Различие лишь в том, что в древности проявлялась сила, индивидуальная храбрость и отсюда животное торжество и упоение победой, а в современности это в значительной степени нивелировано, механизировано. Раньше был воин и при нем оружие, а теперь — оружие, а при нем воин. Но какое же это значение может иметь для принципиальной стороны дела? Конечно, мы хуже, чем древние выносим вид крови или крики страдания, но это опять-таки вопрос о большей стойкости или расхлябанности вегетативной нервной системы, и он не может иметь нравственного значения, как не может иметь такового способность некоторых людей переносить звук царапания гвоздем по стеклу, или нечто подобное. Нет, основная формула, по которой только и может строиться здравый социальный организм: "Люби ближнего, как самого себя", была дана не нашей культурой, которая даже не может считать себя наследницей этой формулы. У представителей современной культуры она, в лучшем случае, вызывает улыбку, как странное чудачество, вся неосновательность которого "давно уже доказана наукой". О первой же части формулы: "Бог твой — Бог Единый, и любить Его подобает всем сердцем, всей душой", о ней и говорить не приходится. Какой же "современный" человек станет говорить серьезно о такой "старой рухляди". А ведь это вершина, к которой пришла древняя культура и не в одной только Иудее, достаточно сравнить соответствующее место хотя бы в Бхагавадгите.

Война с жестокостями в древности создала институт индивидуального (личного) рабства, современная война создает институт экономического рабства, от этого дело продвинулось только технически. Личное рабство стало ненужным, а скорее вредным для современной культуры, а поэтому она выработала более удобную формулу — экономического рабства.
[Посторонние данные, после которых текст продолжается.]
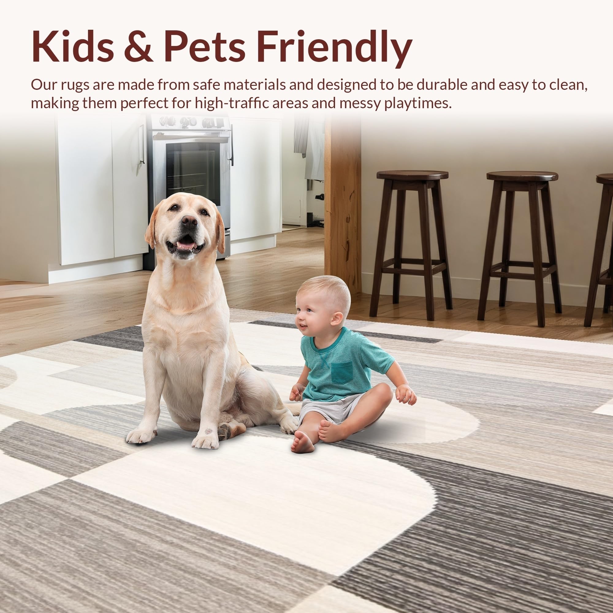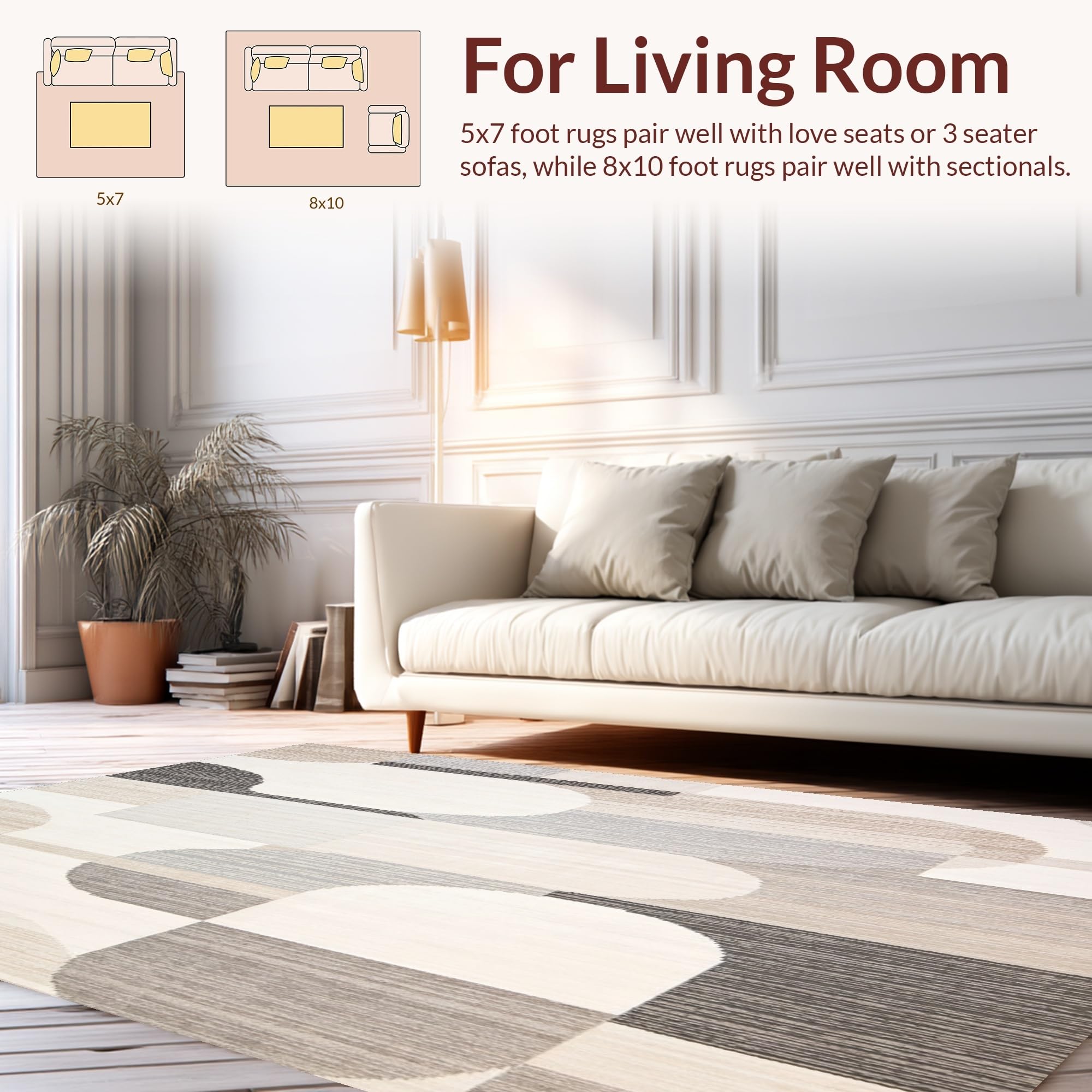 Ultra Soft Area Rug, Non Slip, Stain Resistant, Washable Area Rugs for Living Room, Bedroom, Modern Area Featuring Bold Lines and Geometric Shapes in Beige Grey(Beige) Overview:

Но вопрос о свободе человека не разрешен современной культурой, а скорее запутан. А без условий свободы самый вопрос о том, что я должен делать — утрачивает смысл.

 

Итак, в духовном и социально-нравственном отношении максимы современной культуры не только не превзошли максимы древней, но даже не достигли ее. Остается еще область познания — любимого детища и гордости европейцев. Блеск современной науки, ее колоссальные и бесспорные достижения не могут не поражать. Научный метод оправдывает себя на каждом шагу. Каждый день новые победы, неслыханные, опьяняющие... И нет конца победам. Горизонт открывается все шире и шире. Все это так, пока мы остаемся в верхних этажах прикладного знания, но по мере приближения к фундаменту картина все более и более тускнеет. Наше сознание начинает наталкиваться на такие "данности", объяснить которые оно не в силах: белок, протоплазма, живая материя, жизнь, материя, движение, инерция, тяготение, энергия, предмет, число, конечное число, бесконечное число... Тянется длинный ряд загадок все возрастающей трудности.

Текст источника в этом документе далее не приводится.